= Kennel Club of India =

Purebred dog registry

The Kennel Club of India is a registry of purebred dogs in India. As well as maintaining a registry of pedigrees, the club promotes and sanctions events for purebred dogs, including annual dog shows and specialty shows. The Kennel Club of India is a member of the Fédération Cynologique Internationale.

The Kennel Club of India is also one of the few kennel clubs to be members of the International Organization for Standardization.

==History==

There were several established kennel clubs in India during the British colonial period from 1857 to 1947, including in Hyderabad, Ootacamund, Mysore, and Calcutta. These clubs followed procedures followed in kennel clubs in the United Kingdom.

In 1896, the North Indian Kennel Association was formed. It was a precursor to the Kennel Club of India. It held its first dog show in Lahore in 1896.

==Today==

The Kennel Club of India is the leading private society on registration on purebreds and maintains the recognized registry. It issues pedigrees for purebreds and litters. It hosts annual shows across the country and awards championships to various breeds of dogs.

The 2019 chairman of KCI is Mr. S. Pathy who has shown and bred dogs for over forty years under the kennel name "Sans Craintes" (meaning "without fear" in French). Pathy is also a member of the Singapore Kennel Club and an all-breeds judge. He has bred a few "Dog of the Year" winners and bred Dobermans, Labradors, Siberian Huskies and other breeds. C.V. Sudarsan, an expert on whippets is the secretary.

==Registration==
The Kennel Club of India registers litters of puppies born in India whose sire and dam have both been registered (listed as "Bred in India"). The club also registers puppies and dogs that have been imported from other countries. The club also registers puppies and dogs that are purebred but whose parents do not carry any papers. These dogs are registered as purebreds with "unknown pedigree".

Pedigree papers or certificates are issued by the club and are continuously appended as the dog keeps winning championships or keeps changing owners.

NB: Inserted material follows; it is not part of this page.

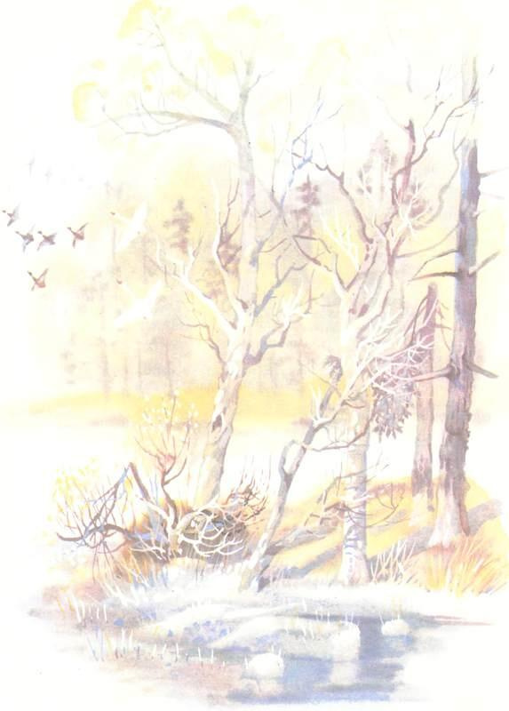 Ранним утром снимаются с места, вожак в голове летит. А есть и такие, которые остаются: здоровьем слаба выйдет или позднышки выведутся Жаль на них глядеть. Кричат, бедные, когда мимо них стая за стаей летит. На Студеной все околачиваются. Плавают-плавают, пока забереги настынут, потом в полыньях кружатся Ну, этих уже я из жалости пришибу. Што ей маяться-то, все равно сгибнет Лебеди у меня тут в болоте гнезда вьют. Всякой твари свое произволенье, свой предел Одного только у меня не хватает, родной человек: который год прошу ямщиков, штобы петушка мне привезли Зимой-то ночи долгие, конца нет, а петушок-то и сказал бы, который час на дворе.

The most common breeds registered by the Kennel Club of India are Great Danes, Rottweilers, Labrador Retrievers, Golden Retrievers, German Shepherds, Dachshunds, Dalmatians, Dobermanns and Pugs.

==Dog shows==

Specialty and general dog shows are conducted by the Kennel Club of India all over the country. These shows are generally held from December to May. The shows follow procedures and guidelines complying with regulations of the Fédération Cynologique Internationale.

Dogs are issued challenge certificates and championship certificates. Dogs are awarded points (depending on their breed and temperament) in every dog show and at the end of the year. The dog receiving the most show points receives the Dog of the Year award.

The other awards include:
Best in Class, Best of Breed, Best in Group, Best in Show

The club also has awards for breeders of the year and also a special award for "Bred in India" dogs to encourage breeders to develop good bloodlines in India.

==Specialty dog shows==
In addition to general dog shows, the kennel Club of India organizes specialty dog shows meant for particular breeds only. This include dog shows for separate breeds. Many breeds in India have their own clubs that participate in these events. These clubs include:

- German Shepherd Dog Club of India
- Great Dane Club of India
- Indian Sieger Show
- The Labrador Retriever Club Of India
- Tamil Nadu Rottweiler Association
- Great Dane Club Of India (South)

==The Indian Kennel Gazette==
In addition to the shows, the Kennel Club of India publishes a monthly magazine, the Indian Kennel Gazette for all its members. It is not for sale commercially.